**Extracted data:**
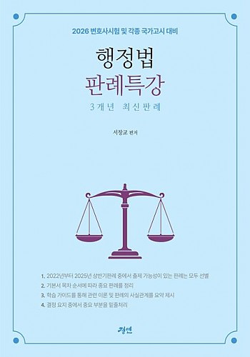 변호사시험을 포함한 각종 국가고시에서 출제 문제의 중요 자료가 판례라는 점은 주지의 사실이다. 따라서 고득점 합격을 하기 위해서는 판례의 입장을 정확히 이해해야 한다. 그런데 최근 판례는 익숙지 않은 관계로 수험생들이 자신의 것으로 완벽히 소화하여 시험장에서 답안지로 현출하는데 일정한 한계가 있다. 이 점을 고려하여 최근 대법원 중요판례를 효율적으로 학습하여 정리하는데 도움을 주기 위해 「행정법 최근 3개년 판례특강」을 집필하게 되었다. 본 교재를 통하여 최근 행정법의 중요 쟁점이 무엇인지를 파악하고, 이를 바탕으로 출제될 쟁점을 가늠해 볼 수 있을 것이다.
* * *
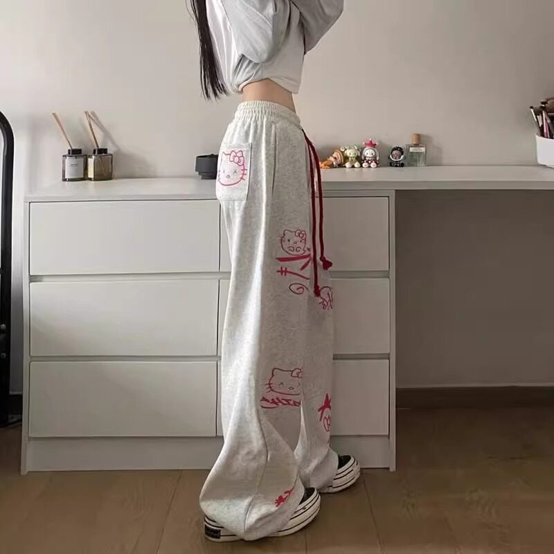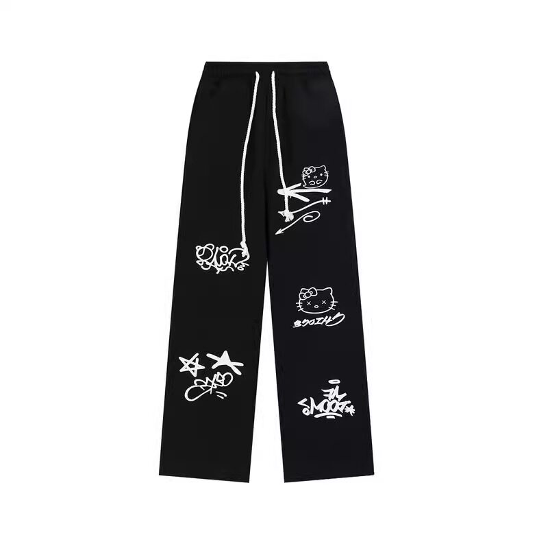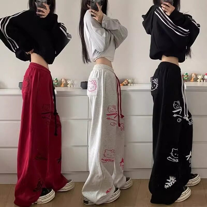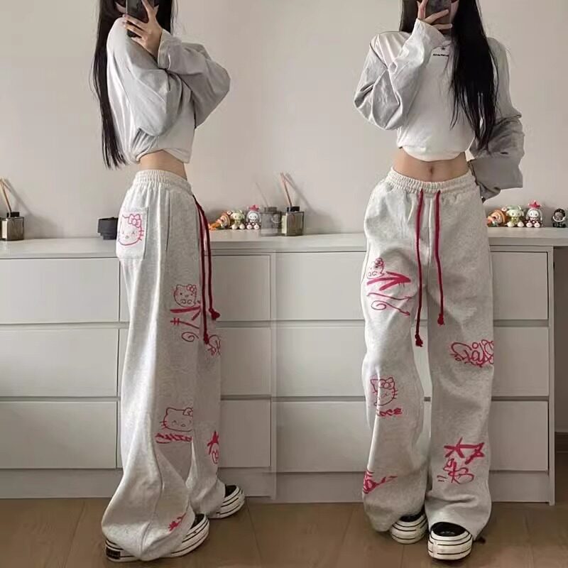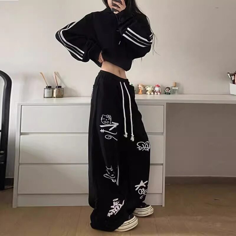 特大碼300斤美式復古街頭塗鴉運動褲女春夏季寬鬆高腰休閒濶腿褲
* * *
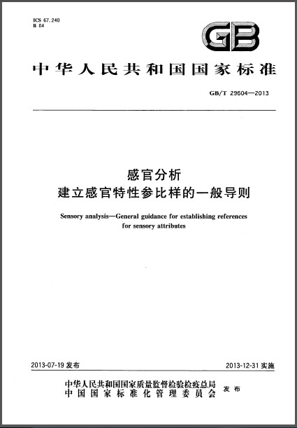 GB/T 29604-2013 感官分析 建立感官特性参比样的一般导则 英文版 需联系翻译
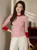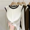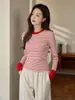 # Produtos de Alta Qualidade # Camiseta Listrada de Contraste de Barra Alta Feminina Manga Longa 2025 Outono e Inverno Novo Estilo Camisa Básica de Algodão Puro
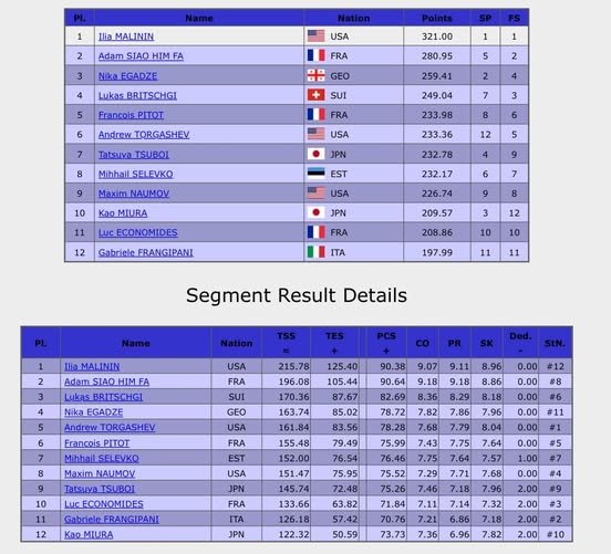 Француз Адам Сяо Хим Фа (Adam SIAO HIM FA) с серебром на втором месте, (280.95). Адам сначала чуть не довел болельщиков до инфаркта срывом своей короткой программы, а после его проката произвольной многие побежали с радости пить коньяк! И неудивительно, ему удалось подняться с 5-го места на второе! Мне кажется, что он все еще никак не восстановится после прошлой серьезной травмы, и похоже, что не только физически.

**Required work:** Set down, exactly as written above, each line from the one with "GB/T 29604-2013 感官分析" through the one with "Француз Адам Сяо", and skip the pictures.

**Response to the exercise:**
 GB/T 29604-2013 感官分析 建立感官特性参比样的一般导则 英文版 需联系翻译
 # Produtos de Alta Qualidade # Camiseta Listrada de Contraste de Barra Alta Feminina Manga Longa 2025 Outono e Inverno Novo Estilo Camisa Básica de Algodão Puro
 Француз Адам Сяо Хим Фа (Adam SIAO HIM FA) с серебром на втором месте, (280.95). Адам сначала чуть не довел болельщиков до инфаркта срывом своей короткой программы, а после его проката произвольной многие побежали с радости пить коньяк! И неудивительно, ему удалось подняться с 5-го места на второе! Мне кажется, что он все еще никак не восстановится после прошлой серьезной травмы, и похоже, что не только физически.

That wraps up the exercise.